At low volumes, mid-range frequencies had a tendency to sound a little recessed. I had no such problems when pushing the soundbar to its limits, but mid-range clarity could have been better when listening at 40% volume and below. The instrumentation in Paul Simon’s ‘Diamonds on the Soles of Her Shoes’ sounded a little muddied, even if the vocals themselves remained clear. The tone adjustment options help to some extent, but it’s a shame that the Stage SE isn’t compatible with the Creative app as this would have allowed for greater EQ customisation.

It’s also a shame that physical connectivity is limited to a single USB-C port. Optical and 3.5mm ports can be found on other affordable Creative soundbars and would have been very welcome here, though their omission is understandable given the Stage SE’s price and the fact it’s specifically designed for use with laptops and PCs.

While I enjoyed the simplistic and tactile nature of the multi-function knob, I’d have liked to have seen it offer a few more control options. Having to use the remote to engage the different sound modes or adjust tone levels feels jarring when the bar is within arm’s length and additional commands could have been added to the knob’s central button to cover these areas.

I also found that pushing the button in caused the soundbar to move slightly. This was a minor annoyance rather than a big problem but could have easily been avoided by making the feet on which the Stage SE stands wider and sturdier.

Creative Stage SE review: Should you buy it?

The Creative Stage SE is an enticing option for those looking for a cheap soundbar to pair with their PC or laptop. It boasts a harmonious and potent output across its sound modes, can be tweaked to suit different content types and has a pleasingly small desktop footprint.

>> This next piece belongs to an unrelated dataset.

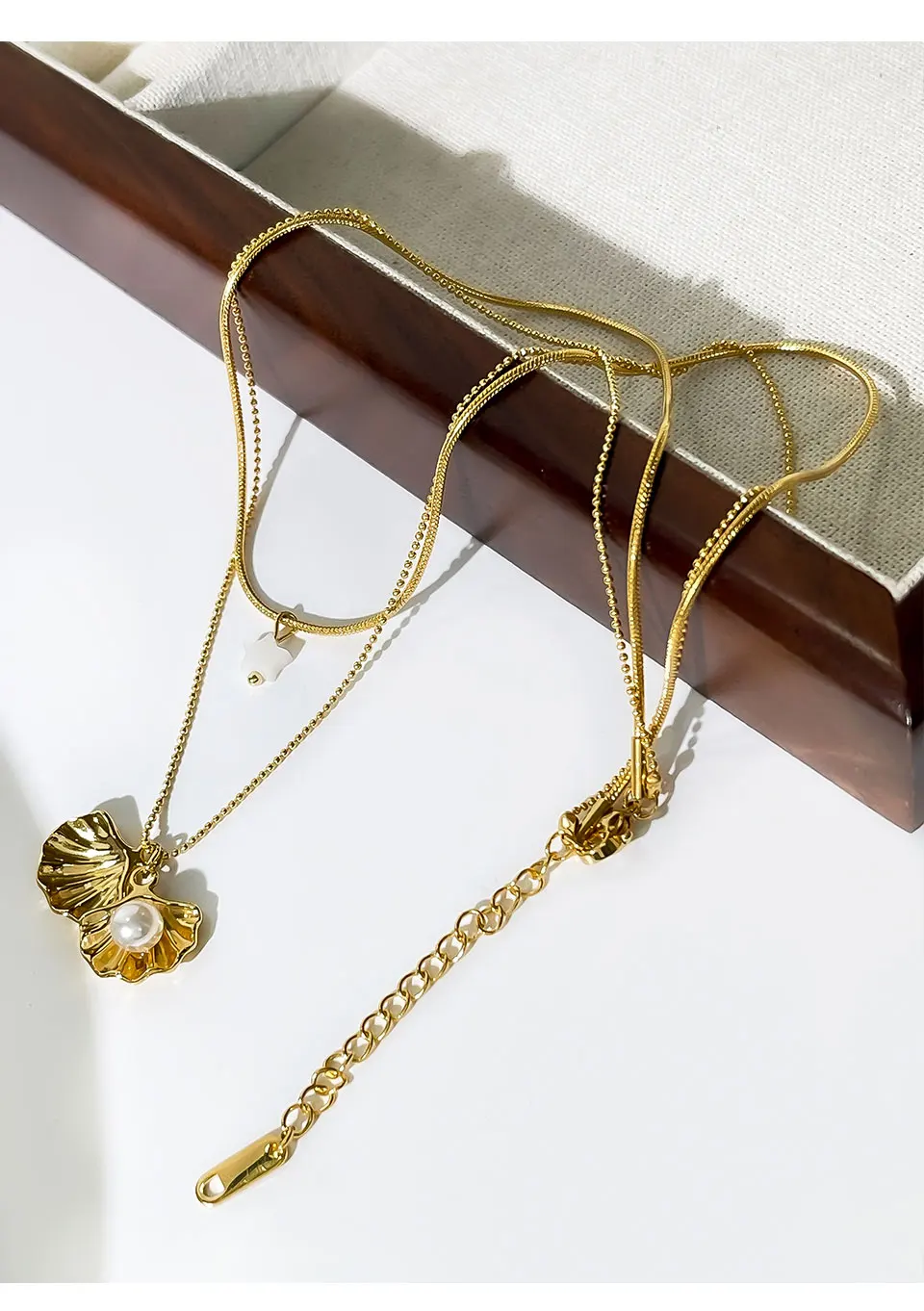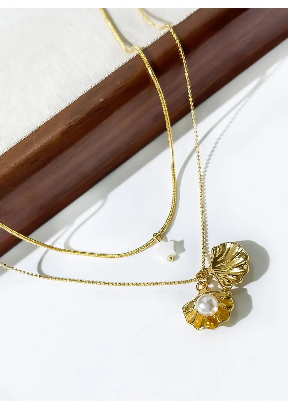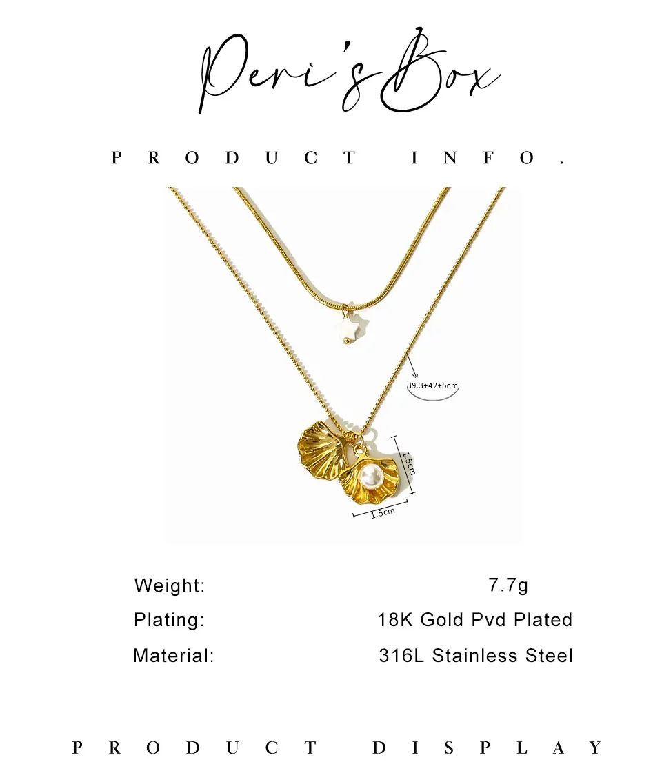 Peri’sbox New 18K Gold Plated Imitation Pearl Shell Pendant Women’s Necklace Sweet Sexy Double Layer Clavicle Chain Jewelry Gift

Minor missteps like the absence of a 3.5mm port and slightly recessed mid-range at low volume prevent it from being the perfect under-monitor soundbar but are easy to enough to overlook when you take into account how good the Stage SE sounds and how little it costs. If you’re after a cost-effective way of improving your desktop audio experience and would rather a soundbar than a pair of PC speakers, the Stage SE is currently your best bet.